Eye - 23 January 2015
From the clouds to Bermondsey
For the love of the sky
A campaign to save Luke Howard’s house was launched by the Tottenham Civic Society in December.
In a paper written in 1802 Luke Howard, aka ‘the namer of clouds’, proposed many of the cloud classifications still in use today. The Bruce Grove house in which he lived is the only building in Tottenham to bear an English Heritage blue plaque. However, it is currently on the ‘buildings at risk’ register due its derelict condition.
The Tottenham Civic Society has launched an online petition asking the local council to force Redwing Estates Ltd, which owns the building, to undertake essential restoration works – for which planning permission was granted in 2013. The petition can be found at: http://bit.ly/7BruceGrove
The Cloud Appreciation Society added its support to the campaign, saying: ‘We can’t allow this historic home of the man who did so much for the love of the sky to crumble to the ground.’
Luke Howard was a Quaker who attended Tottenham Meeting and is buried in Winchmore Hill Meeting’s burial ground.
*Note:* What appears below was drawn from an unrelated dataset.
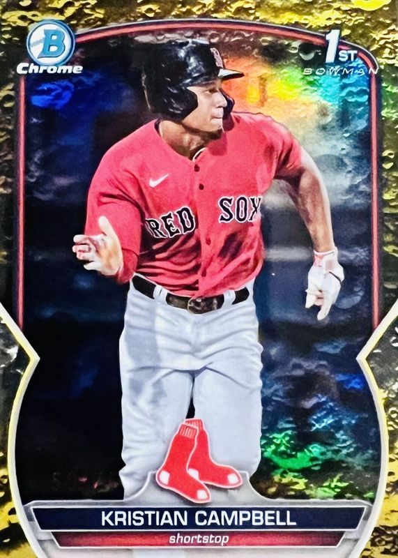 This card is 1 of 43 Kristian Campbell's card variations in the 2023 Bowman Draft set being tracked by Sports Card Investor, including Chrome (1st), Chrome - Japan Refractor (1st), Chrome - Lunar Glow Refractor (1st), Chrome - Pearl Refractor (1st), and Chrome - Refractor (1st).
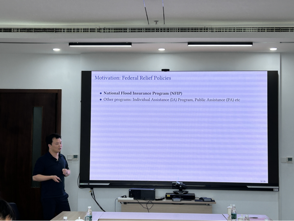 孙频作题为“Climate Change and Flooding Risk:The Spatial Implication of Flood Relief Policies”的报告,指出气候变化增加了洪水的频发性和严重性,提出了一种考虑洪水风险和人口流动的定量空间一般均衡模型,并分析了不同政策设计对福利水平的影响。

The 150th anniversary of his death was marked by a CloudFest event last July (see ‘Eye – 4 July 2014’)
The Salters return to Bermondsey
Figures of the Salter family – Alfred, Ada and Joyce – now grace the riverside walk near Cherry Gardens Pier in Bermondsey.
A seated bronze statue of social reformer Alfred Salter was stolen from the site in November 2011, presumably by metal thieves.
Three years later, on 30 November, newly installed statues were unveiled.
‘Dr Salter’s Daydream 2014’ was created by Diane Gorvin, the artist also responsible for the first statue. Alfred’s likeness now sits alongside a statue of Alfred’s daughter Joyce and her cat. A new statue, of Alfred’s wife Ada Salter, completes the family group.
The Salter Statues Campaign raised half of the £120,000 cost of the project. The group said it received ‘a flurry of donations’ from Quakers, following a piece on Ada Salter in the Friend (10 January 2014).
Alfred was involved with Quakers for some years. With Ada, he campaigned for free healthcare, and for better living conditions for the poor. The Salter Statues Campaign website says: ‘Not only has justice been done to Alfred Salter, whose statue was stolen… but the addition of Ada is historic for all of London, where currently there are only fourteen public [open air] statues of women compared to hundreds of men.’
Ada’s statue is the ‘first public statue of a woman environmentalist, the first of a woman trade unionist, the first of a Quaker woman and the first of a woman politician’.